Sektörde “inşaat alanı”, “brüt kat alanı” ve “halı alanı” gibi tabirler kullanılsa da aslında bir çok detay eksik kalıyor ve çoğu zaman bu hesaplamaya neyin dahil edilip edilmediği konusunda görüşler ayrışıyor.
Satışta kullanılan metrekare kiralamada kullanılan ile aynı olmayabildiğinden satış ve kiralamalarda sorun yaşanıyor.
Kapalı alanların tanımı; otoparklar, kat boşlukları, merpen, asansör, ışıklık gibi ortak alanların yanı sıra balkon, teras ve kat bahçeleri gibi alanların tanımı ve katın net / brüt metrekare hesabına katılıp katılmaması çoğu zaman şeffaf değil. Belirli bir standarda tabi olmadığı için de bina ve projelerin kıyaslanması mümkün olmuyor.
Yurtdışında oluşturulan ve sınır ötesinde kabul gören standartlar ise birçok sektörel dernek, kamu ve sivil toplum kurumları tarafından uzun yıllar önce oluşturulup geliştirilmiş. Örneğin Amerikan mülk sahipleri ve yöneticileri birliği (BOMA), Alman Sanayi Standartları Enstitüsü (DIN), Alman Gayrimenkul Araştırma Derneği ve İngiliz Bilirkişi Enstitüsü (RICS) gibi kurumların detaylı standartları gayrimenkul yapım, kullanım ve işletme aşamalarında uygulanıyor.
Uluslararası diğer standartlara bakıldığında; gayrimenkulün fonksiyonu veya kullanımına göre farklı hesap şekillerinin mevcut olduğunu gözlemliyoruz. Örneğin konut, ticari/ofis, sanayi ve perakende alanları için farklı uygulamalar öngörülüyor. İmar planlama, mimari tasarım, bina inşaatı, satış, kiralama ve işletme gibi gayrimenkulün tüm aşamalarında ise aynı prensipler ve standartlar baz alınıyor. Dolayısıyla alan tanımı konusunda istikrar sağlanıp, kargaşa önlenmiş oluyor.

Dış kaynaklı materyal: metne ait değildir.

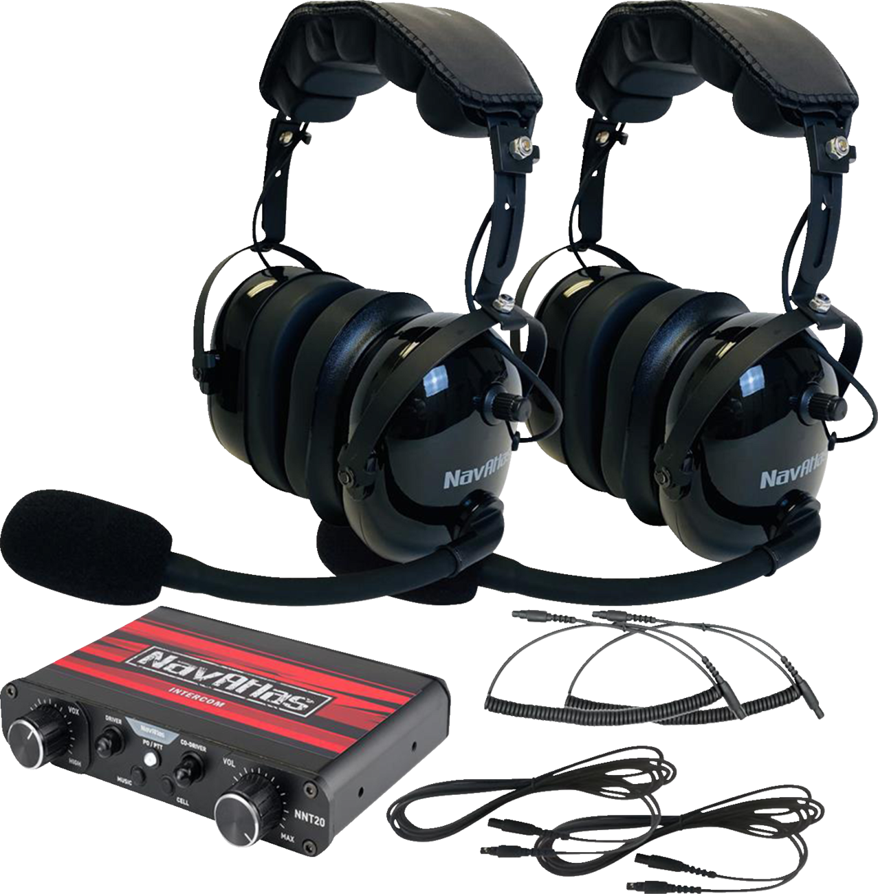 Kit includes: 1 NNT20 Intercom, 1 Pair NO303 Over-the-Head (Stereo) Headsets, 2 HCF4 (Front) 4’ (EU: 10,16 cm) coil cables connecting the headsets to the HEC10 extension cables and 2 HEC10 (Front) 10’ (EU: 25,4 cm) extension cables connecting the intercom to the HCF4 coil cables to headsets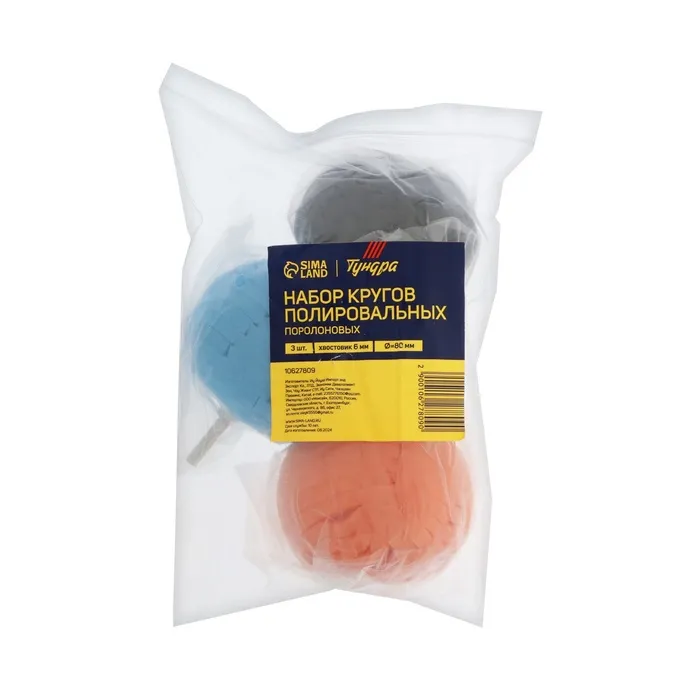 Набор кругов полировальных ТУНДРА, поролоновых, d=80 мм, хвостовик 6 мм, 3 шт. — Характеристики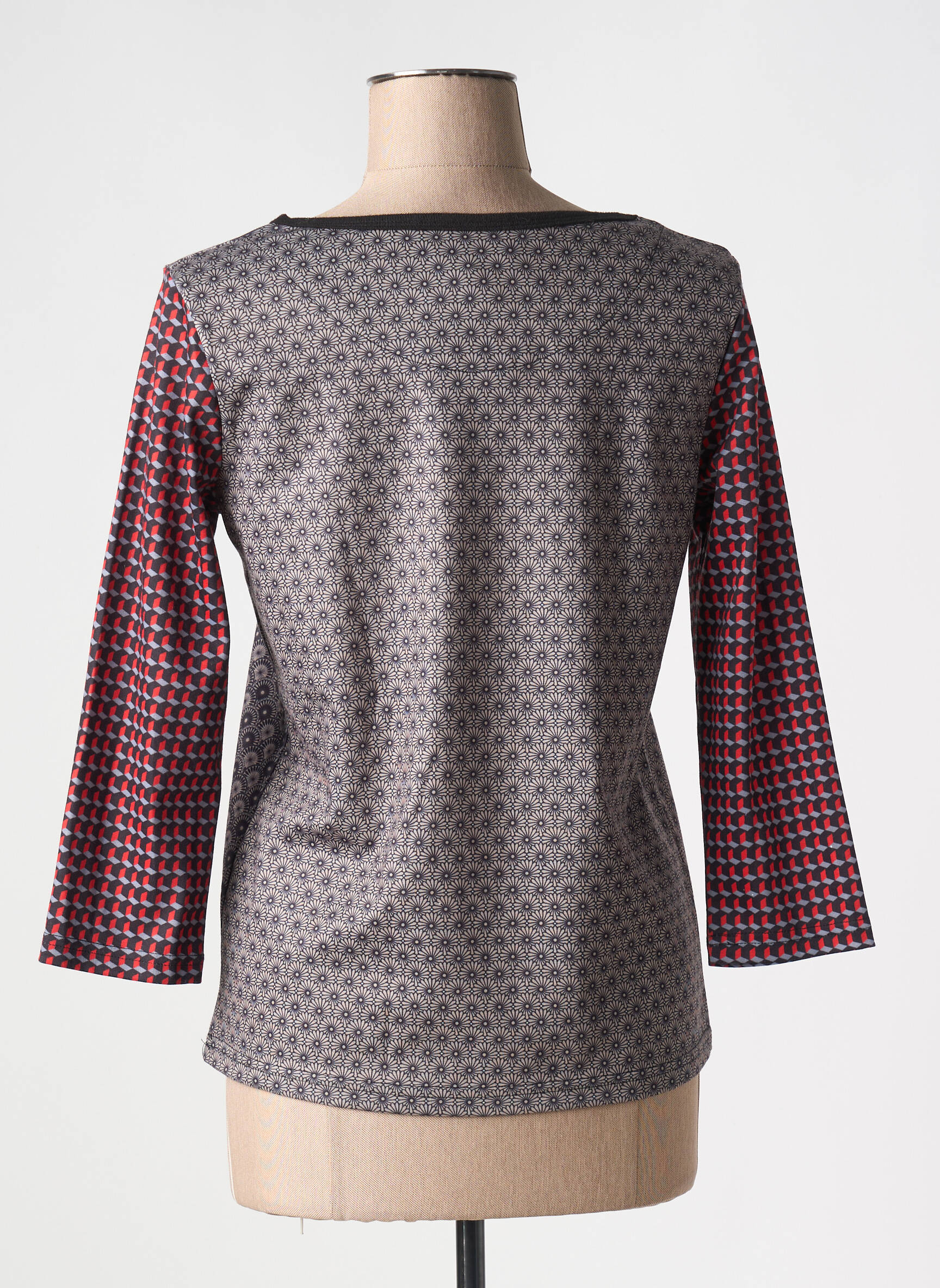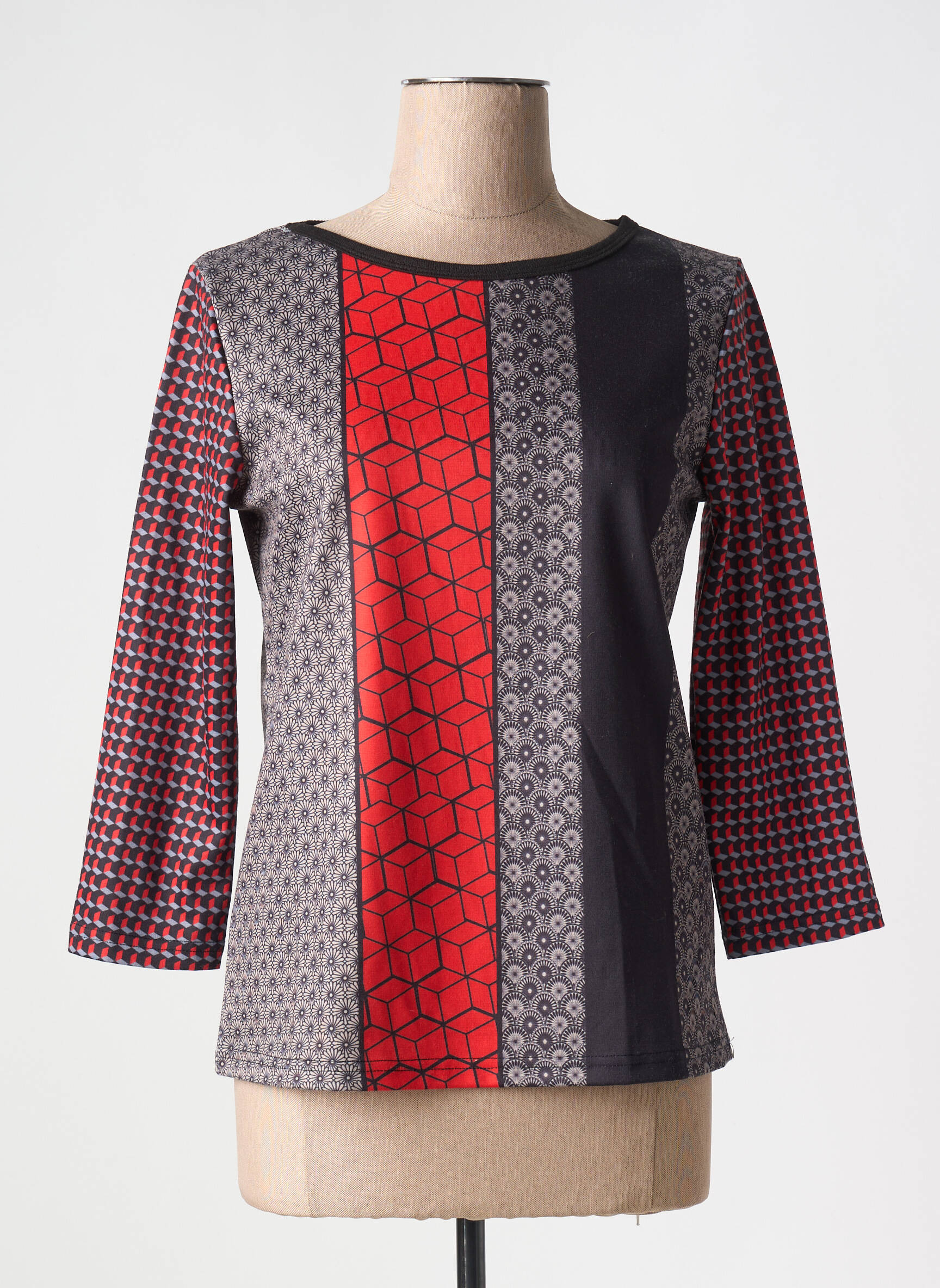 Profitez d’une vraie affaire mode avec ce T-shirt femme MISSING JOHNNY à prix tout doux, parfait pour ajouter une touche graphique à votre dressing sans vous ruiner. Ce modèle séduit par son mix d’imprimés géométriques en rouge, gris et noir qui apporte une note originale et tendance, tandis que ses manches trois-quarts et sa coupe confortable en font un choix idéal pour un style moderne au quotidien à petit prix.

Alım ve kiralama aşamasında önem taşıyan bir diğer unsur ise alan verimliliğidir. Sektör genelde brüt alan üzerinden konuşup, işlem görürken; alanın brüt-net verimliliği veya net alanın miktarı çoğunlukla hazır verilmiyor ve detaylı hesap gerektiriyor.
Ancak bir konut dairesi veya ofis katının alıcı veya kiracısı brüt alandan ziyade net kullanım alanının miktarını dikkate almak durumundadır. Satılan veya kiralanan alanın net olarak belirtilmesi ve müteakip olarak işlem görmesi müteahhitlerin daha fazla net alanı olan projeler geliştirmelerini teşvik edecektir. Bununla birlikte bir kıyaslama ve rekabet unsuru oluşturacaktır.

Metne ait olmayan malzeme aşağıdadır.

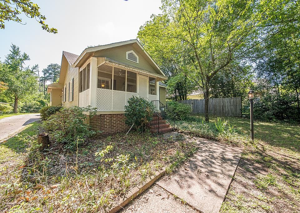 This large 1.2 acre lot in the heart of the city is a hidden gem! A great investment opportunity for a homeowner or rental property. So much potential on this property. 2 houses on lot, large extra separate garage w/greenhouse attached. Well with pump on property. Main house is 1291 sq. feet, features 2 bedrooms w/ ensuite baths & closets. Freshly refinished wood floors and new paint. Large living room w/ built-ins. Dining room w/ built-ins. Spacious kitchen w/ eat in breakfast area, appliances pass with sale. Laundry room. Screened in front porch. Fenced in back yard area. Guest house is 924 sq feet, 2 bedrooms, 1 bath. "Tenant occupied" for $550 monthly rent. Tenant prefers to stay. Viewing of guesthouse only during buyers due diligence period. Priced to sell AS-IS! Close to shopping and dining, easy access to Ft. Moore.
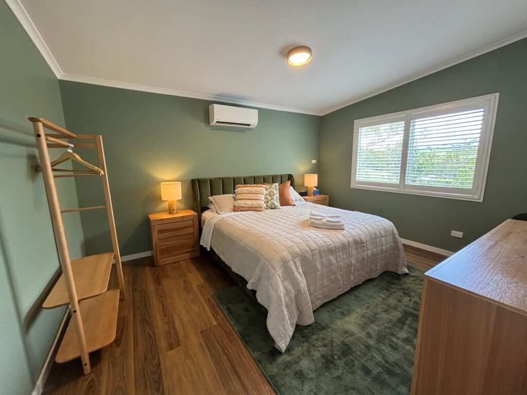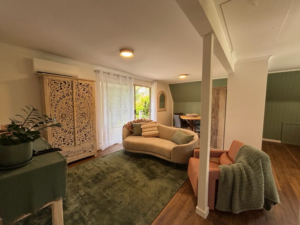 Private. Elegant. A Home Away From Home. Nestled within the peaceful landscape of Living Valley, our newly completed A-Frame Villa offers a beautiful blend of contemporary comfort and nature-inspired design, a true home away from home, created for deep rest, relaxation and renewal. This villa features a plush velvet king bed and air conditioning in all rooms, ensuring year-round comfort. The gorgeous open-plan lounge, includes a Samsung TV for relaxed evenings and quiet downtime, allowing you to unwind in comfort and style. The thoughtfully designed kitchenette is equipped with a fridge, kettle and washing machine, making longer stays effortless and inviting a sense of ease and familiarity throughout your retreat. A large round dining table provides a welcoming space for chats over tea, journaling and peaceful reflection. The luxurious bathroom is a true highlight, featuring a deep soaking bathtub, double vanities, and refined finishes that elevate everyday rituals into moments of indulgence. This villa offers dual access, with a private rear walkway entry and front steps leading onto a spacious verandah. From here, enjoy gorgeous views across the valley and surrounding nature, the perfect place to slow down, breathe deeply and reconnect. Designed with comfort, warmth and elegance in mind, our A-Frame Villas provides a beautiful balance of homely ease and refined style, offering a nurturing sanctuary within the Living Valley experience.

Metrekare hesabının standarda bağlanması ile sektöre şeffaflık geleceğini ve tüketicilere güven verileceğine inanıyoruz. Bu yurtdışında olduğu gibi Türk Standartları Enstitüsü gibi bir kamu kurumu tarafından olabileceği gibi farklı gayrimenkul sektörü birlikleri veya dernekleri tarafından da oluşturulabilir. Çok sayıda uluslararası örnekleri olduğundan örneğin Uluslararası Gayrimenkul Ölçme Standartları (IPMS) gibi yaygın olan veya Türkiye şartlarına uygun olabilecek bir standart da uygulanabilir.